### WORK REQUIRED
If a line below falls between the line with "Перед нами еще" and the line with "Thạch chất xơ", or is one of those two, output it exactly; output nothing else and no pictures.

Records from a data collection

------------

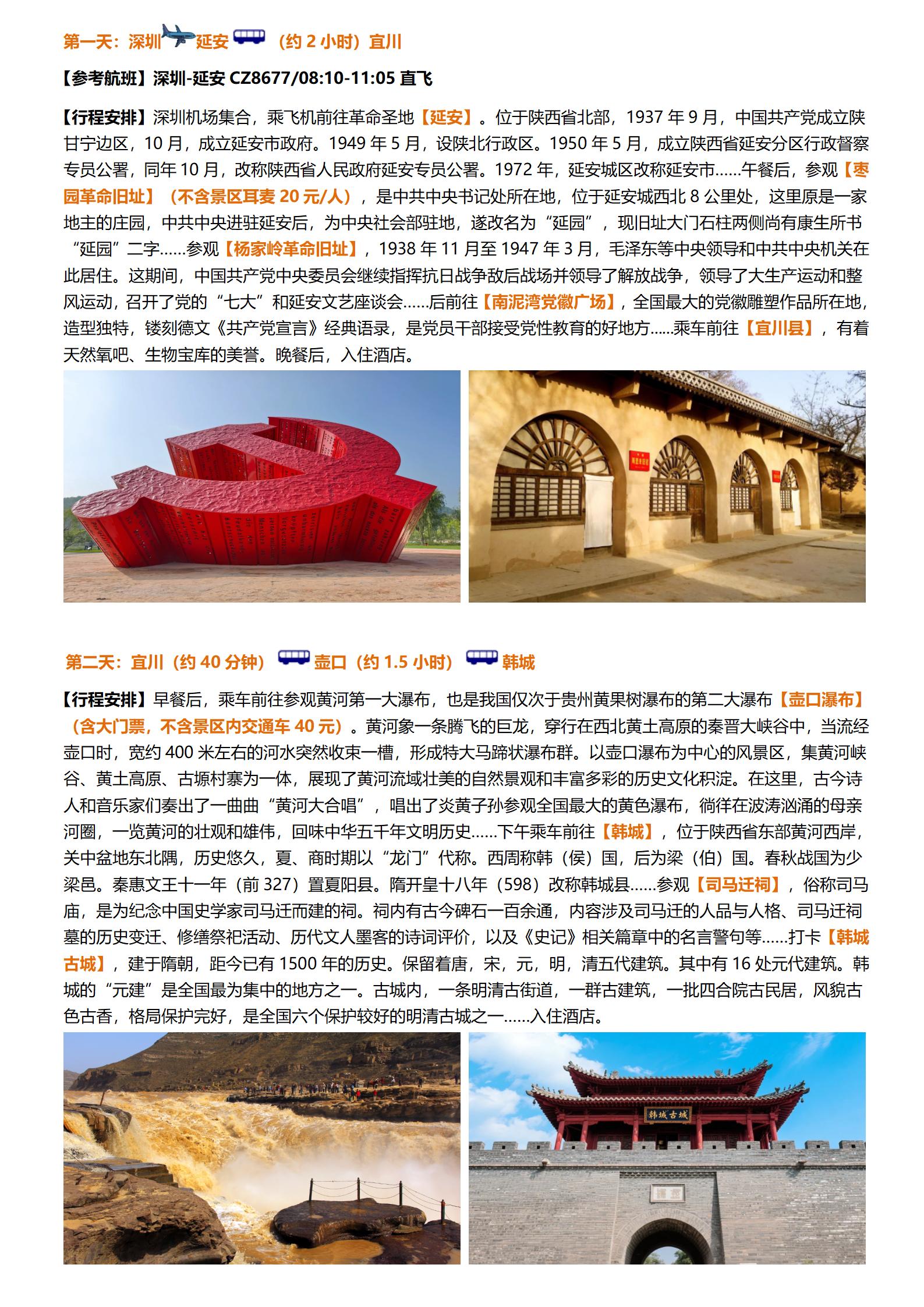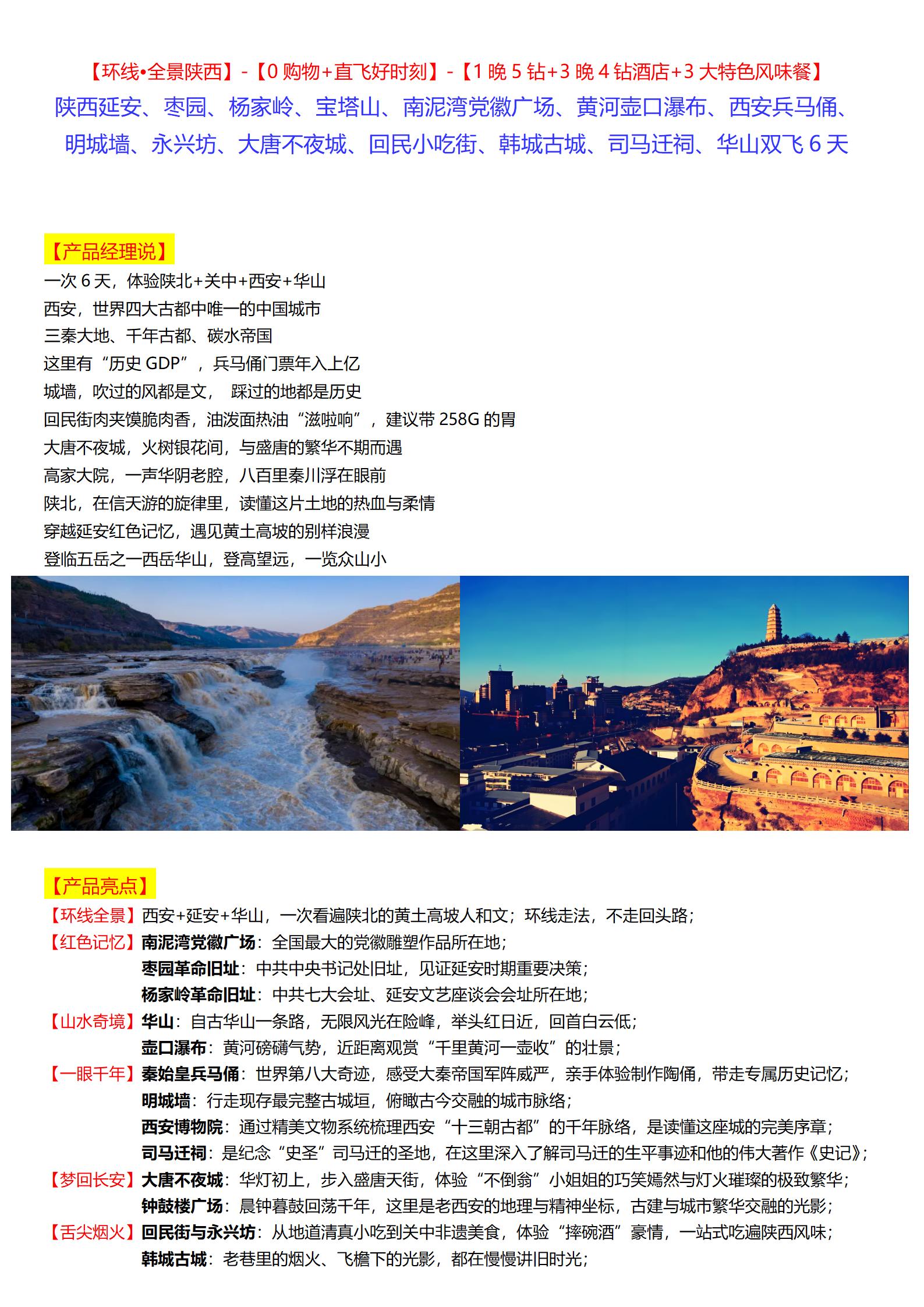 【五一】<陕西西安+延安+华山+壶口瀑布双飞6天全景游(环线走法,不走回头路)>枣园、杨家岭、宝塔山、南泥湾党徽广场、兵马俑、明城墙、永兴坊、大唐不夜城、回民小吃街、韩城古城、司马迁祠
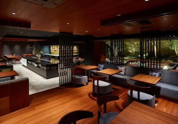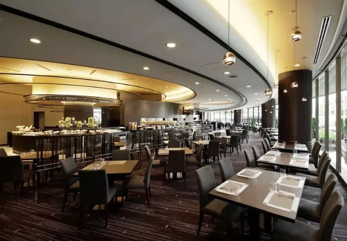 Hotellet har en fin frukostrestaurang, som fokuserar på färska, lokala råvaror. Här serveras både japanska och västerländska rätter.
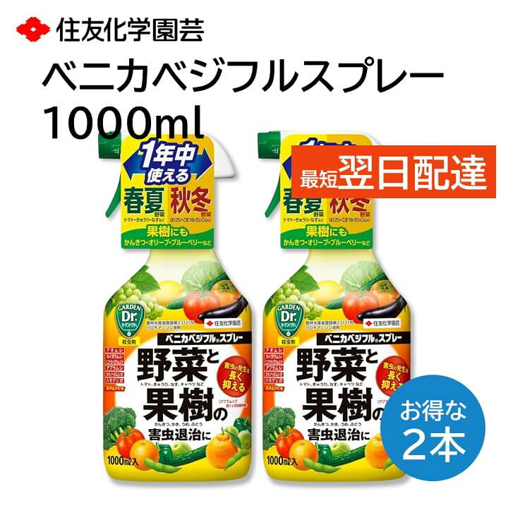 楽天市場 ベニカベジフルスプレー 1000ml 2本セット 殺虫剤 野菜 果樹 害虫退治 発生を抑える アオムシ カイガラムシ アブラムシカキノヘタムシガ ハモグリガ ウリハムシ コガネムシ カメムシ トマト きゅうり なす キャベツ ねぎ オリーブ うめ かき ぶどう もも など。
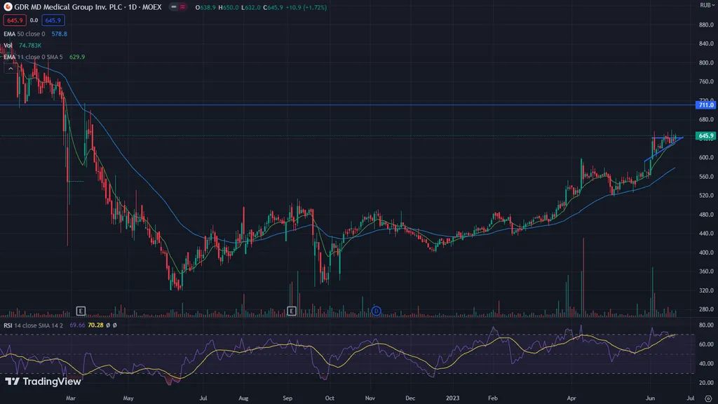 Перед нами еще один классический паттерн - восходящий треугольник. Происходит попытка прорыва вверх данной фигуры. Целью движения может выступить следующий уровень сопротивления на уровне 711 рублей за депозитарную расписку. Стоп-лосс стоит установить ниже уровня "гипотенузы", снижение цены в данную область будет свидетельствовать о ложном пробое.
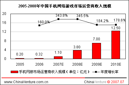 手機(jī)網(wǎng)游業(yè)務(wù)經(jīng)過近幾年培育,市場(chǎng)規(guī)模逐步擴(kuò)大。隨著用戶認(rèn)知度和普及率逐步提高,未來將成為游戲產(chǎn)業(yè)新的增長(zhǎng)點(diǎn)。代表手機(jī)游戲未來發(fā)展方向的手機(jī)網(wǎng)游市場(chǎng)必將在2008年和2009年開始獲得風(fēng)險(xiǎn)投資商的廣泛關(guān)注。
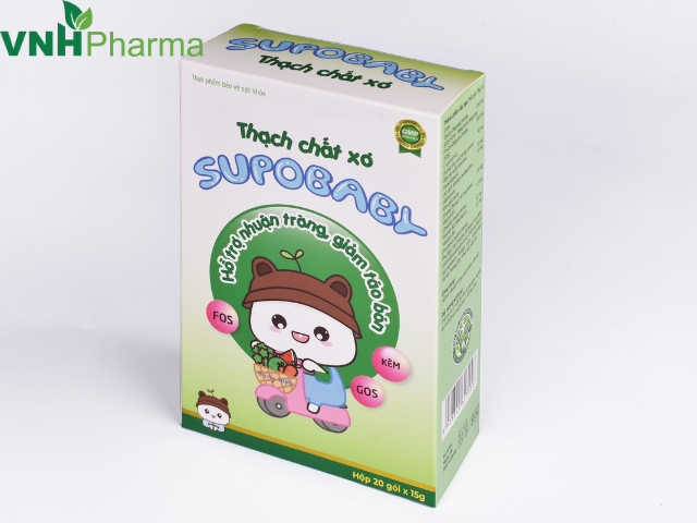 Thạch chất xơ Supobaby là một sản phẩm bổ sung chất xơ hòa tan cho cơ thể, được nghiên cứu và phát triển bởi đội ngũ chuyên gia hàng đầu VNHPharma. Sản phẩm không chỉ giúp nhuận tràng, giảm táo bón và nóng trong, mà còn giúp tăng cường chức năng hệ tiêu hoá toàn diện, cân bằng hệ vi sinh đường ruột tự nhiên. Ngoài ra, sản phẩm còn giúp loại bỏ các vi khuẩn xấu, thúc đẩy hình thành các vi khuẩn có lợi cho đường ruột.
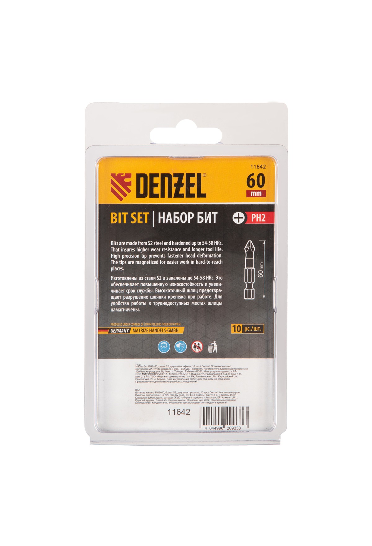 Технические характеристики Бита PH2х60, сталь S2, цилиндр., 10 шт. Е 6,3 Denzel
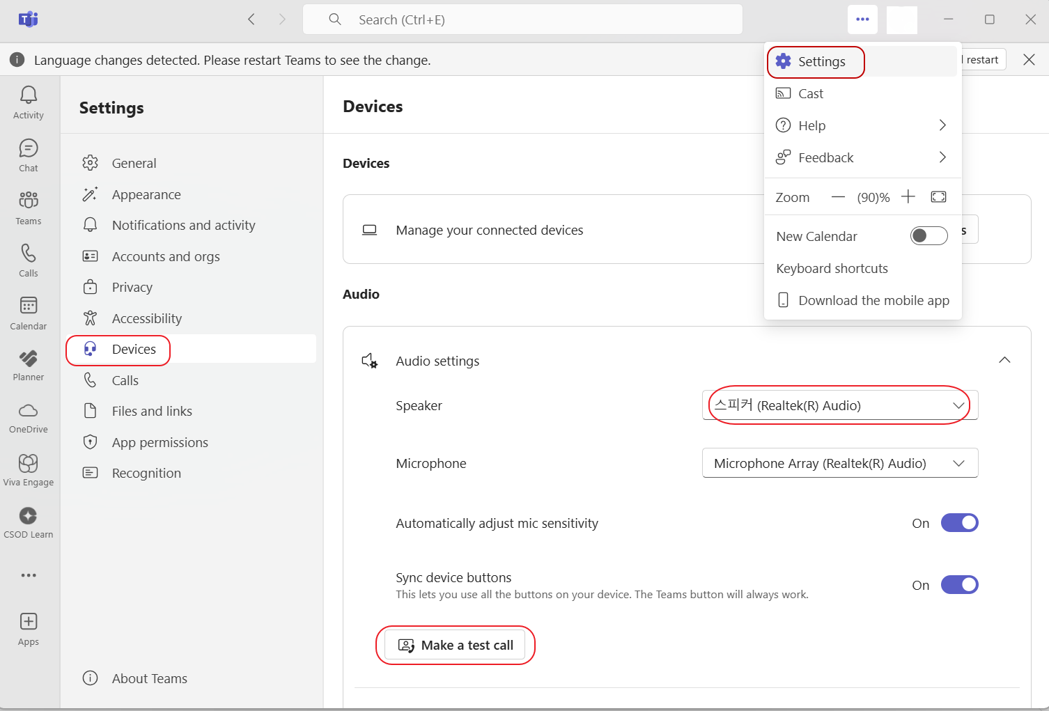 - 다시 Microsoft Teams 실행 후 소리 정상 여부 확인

------------

### OUTPUT BELOW
 Перед нами еще один классический паттерн - восходящий треугольник. Происходит попытка прорыва вверх данной фигуры. Целью движения может выступить следующий уровень сопротивления на уровне 711 рублей за депозитарную расписку. Стоп-лосс стоит установить ниже уровня "гипотенузы", снижение цены в данную область будет свидетельствовать о ложном пробое.
 手機(jī)網(wǎng)游業(yè)務(wù)經(jīng)過近幾年培育,市場(chǎng)規(guī)模逐步擴(kuò)大。隨著用戶認(rèn)知度和普及率逐步提高,未來將成為游戲產(chǎn)業(yè)新的增長(zhǎng)點(diǎn)。代表手機(jī)游戲未來發(fā)展方向的手機(jī)網(wǎng)游市場(chǎng)必將在2008年和2009年開始獲得風(fēng)險(xiǎn)投資商的廣泛關(guān)注。
 Thạch chất xơ Supobaby là một sản phẩm bổ sung chất xơ hòa tan cho cơ thể, được nghiên cứu và phát triển bởi đội ngũ chuyên gia hàng đầu VNHPharma. Sản phẩm không chỉ giúp nhuận tràng, giảm táo bón và nóng trong, mà còn giúp tăng cường chức năng hệ tiêu hoá toàn diện, cân bằng hệ vi sinh đường ruột tự nhiên. Ngoài ra, sản phẩm còn giúp loại bỏ các vi khuẩn xấu, thúc đẩy hình thành các vi khuẩn có lợi cho đường ruột.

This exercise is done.